Василь шел, молча посапывая. Упорного молчания я не любил. Человек так уверен в своей правоте, что наглухо запирается. Собственной правоты ему достаточно. К тому же в молчании какой-то непереносимый упрек. Василь Дундук додумался, а ты нет. И правота как бы не собственная, а деревенская, бессловесная, с которой он когда-то стоял перед нами набыченный и которая опять нет-нет и скажется в его упорном молчании.
— Блатыга немца не шарахнул бы? — спросил Костик.
— Лучше он нас кого-нибудь шарахнет, — не сразу ответил Василь.

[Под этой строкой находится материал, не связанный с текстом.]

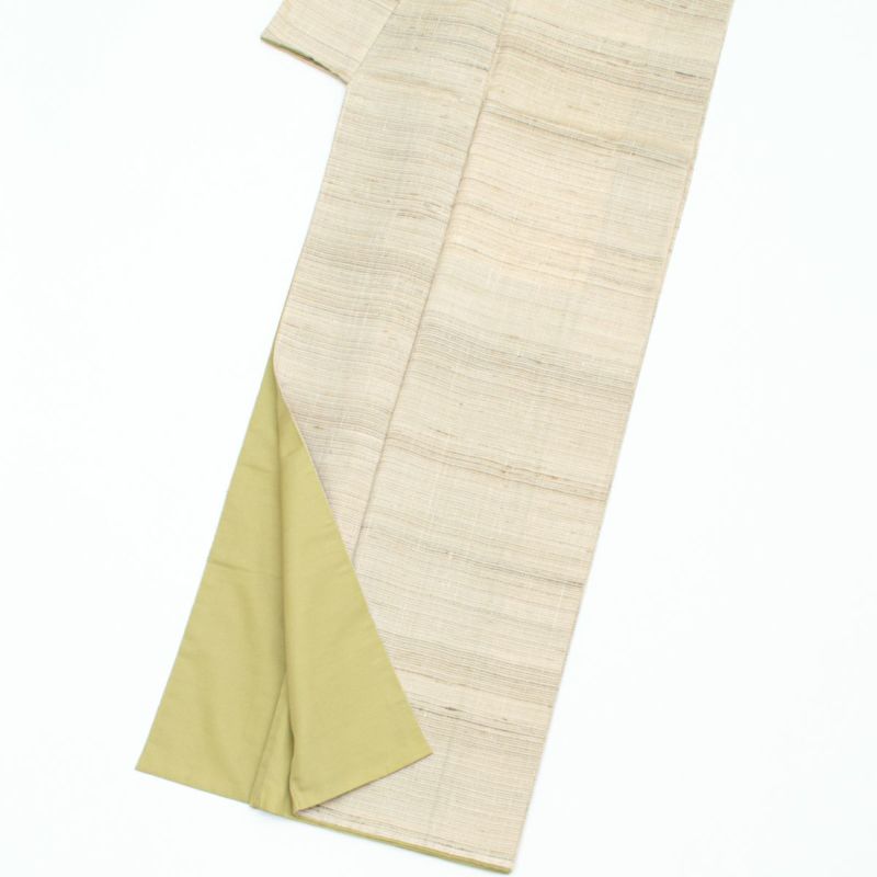 節のあるタッサーならではのナチュラルな風合いと、さらりとした質感が魅力。無地感覚で着回しやすく、帯合わせによって表情が軽やかにも、きちんとした雰囲気にも整います。

Я и сам так думал, но почему-то с сочувствием услышал, как возмутился Костик:
— Понимаешь! Дундук! Ты шарахнешь? Да?
Василь опять замолчал, и раздражение от его молчания накапливалось. Без слов нельзя спорить. Без спора не договоришься. И потом, если слов нет, на чем же держится правота?
Это было знакомое раздражение. Оттого, что чаще говорили мы, а Василь молчал, нам с Костиком казалось, что он соглашается с нами. Но потом оказывалось, что это не так. И это «не так» держалось не на словах, которые можно было бы понять, а на молчании, к которому неизвестно как подойти. Из глубины этого молчания возникало что-то совсем уж неподобное.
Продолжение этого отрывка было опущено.